Слуга поспешил обратно, чтобы сообщить о выполнении поручения.

— Это — она, — сказал про себя Пирш, — должно быть, она; кому же другому из Варшавы спрашивать обо мне? Не знак ли это, не привет ли бьющей ключом жизни, вознаграждающей меня за мои детские грёзы?

Молодой человек быстро последовал за слугой и вскоре уже был под воротами гостиницы.
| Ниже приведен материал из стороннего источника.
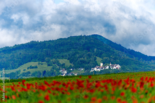 Scenic view of agriculture grain field with red poppies on a cloudy spring morning at Swiss village. Photo taken May 28th, 2024, Oberglatt, Canton Zurich, Switzerland.
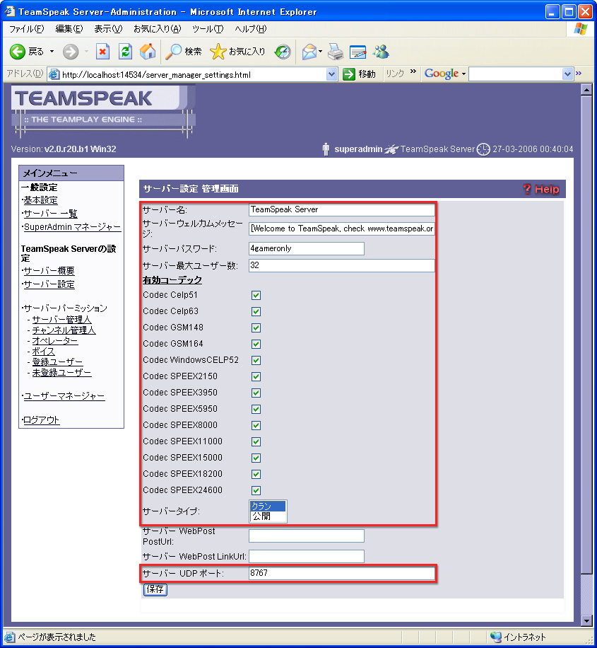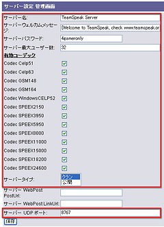 ほかの設定はそのままでいい。「有効コーデック」がすべてチェックされ,「サーバータイプ」が「クラン」,「サーバーUDPポート」は「8767」になっているのを確認したら,「保存」ボタンを押す。

Винценти уже ожидал там и с почтительным поклоном принял молодого офицера, сразу выросшего в его глазах, так как столь блестящая и столь царски щедрая иностранка приказала пригласить его как её старого знакомого.

Доложив о приходе Пирша, Винценти провёл его в салон графини Браницкой, в котором уже был накрыт стол к ужину; следуя полученному распоряжению, слуга поставил второй прибор для Пирша.

Молодому человеку недолго пришлось ждать; вошла графиня Елена Браницкая в домашнем платье из пурпурного бархата, схожем с тем, в каком Пирш видел её в Могилёве, и с искренней сердечностью пожала ему руку.

Графиня была дивно прекрасна при неровном свете свечей; обаяние грации и нежной прелести окутывало её и пробудило в Пирше воспоминание об опьянении, которое охватило его в ту ночь в Могилёве и так быстро исчезло тогда пред образом его любимой подруги детства.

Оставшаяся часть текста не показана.